Water makes up approximately 63% of the total body mass in adults, 65% in children and 70% in infants. It is the medium of circulatory function, biochemical reaction, metabolism, substrate transport across cellular membranes, temperature regulation and numerous other physiological processes. As such, it is the most essential body nutrient, after oxygen.
Typical daily fluid intake and output for a healthy 70 kg (154 lb) person is about 2.4 liters (5.1 Pints). Humans can not reduce water losses from the body to less than about half this amount per day because water is involuntarily lost through the skin, respiration, feces, and a minimum daily urine volume of about 0.4 liters. Sweating, governed by the body's need for temperature regulation, represents an additional loss that can be as much as 3.5 liters per hour during strenuous exercise. As a result, though human beings can survive for weeks without food, they die within days without water.
The sensation of thirst becomes apparent when water loss approaches 1%-2% of total body mass (approximately 3.0 lbs for a 150 lb person). It follows, therefore, that a person is already mildly dehydrated by the time they feel thirsty. As dehydration progresses, symptoms become increasingly severe and susceptibility to dehydration-related conditions, such as heat exhaustion, and heat stroke, escalate. Signs and symptoms of mild dehydration (2-4% loss of body mass) include the initial onset of thirst, dry mucous membranes, mild fatigue, loss of appetite, headaches, loss of concentration, irritability, decreased blood pressure (hypotension), and dizziness or fainting when standing up (due to orthostatic hypotension). Moderate dehydration (4-7% loss of body mass) may result in lethargy or extreme sleepiness, nausea, confusion, tingling in the limbs (paresthesia), heat cramps, seizures, fainting and significant decreases in aerobic power and endurance. With severe dehydration (8-10% loss of body mass), muscles may become spastic, skin may shrivel and wrinkle, vision may dim, urination may become painful, delirium may begin and recovery without assistance may be impossible. A body weight loss greater than 10-12% is usually fatal.

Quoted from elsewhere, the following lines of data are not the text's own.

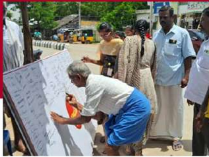
బాబుతో నేను అంటూ సగిలలో సంతకాలు చేస్తున్న ప్రజలు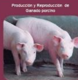
Producción y Reproducción de Ganado porcino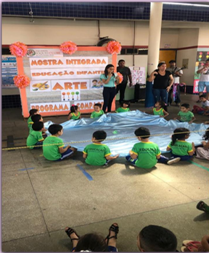
Alunos 1º Período – Apresentação musical – Jangada/ Dorival Caymmi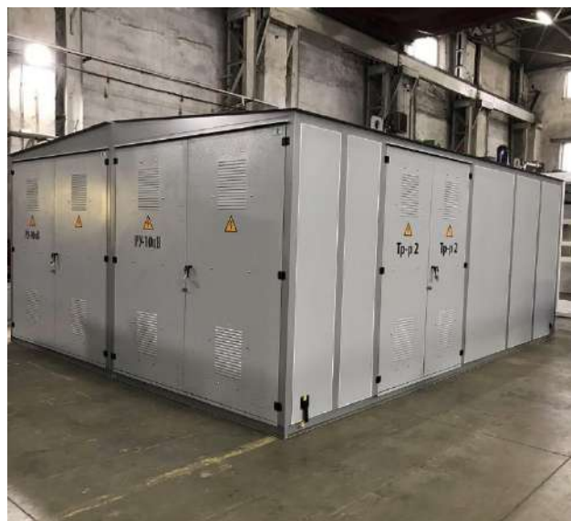
ООО «Энергопром Групп»

Dehydration, and dehydration-related conditions are extremely common and the morbidity and mortality associated with them are an enormous burden to the healthcare system and to society. However, they are, by their nature, preventable, and, if detected early, extremely easy to treat.
A dependable method for accurately monitoring changes in hydration status that has the low cost, convenience and practicality necessary for widespread use currently does not exist. Methods that are available are either indirect and unreliable, or dependent on blood and urine tests that are invasive, complex and frequently costly.
Cantimer intends to introduce a family of hand-held devices, for both medical and consumer use that provide immediate and objective feedback on changes in an individual's state of hydration - from a tiny drop of saliva - within a matter in about a minute. The Company is currently engaged in testing its devices in a series of third party clinical studies covering ranges of dehydration from 0-7% of total body mass.
Population groups that are particularly susceptible to dehydration include firefighters, military personnel, and athletes (attributable to uncompensated sweat losses as a result of physical exertion), infants (attributable to vomiting and diarrhea as a result of gastro-intestinal disorders), the elderly (attributable to chronic dehydration as a result of inadequate fluid consumption) and those that suffer from chronic illnesses such as asthma and diabetes. Risk also escalates as a result of common medical conditions (such as influenza), environmental conditions (such as heat waves), the use of medications (such as diuretics), and with the simple process of aging.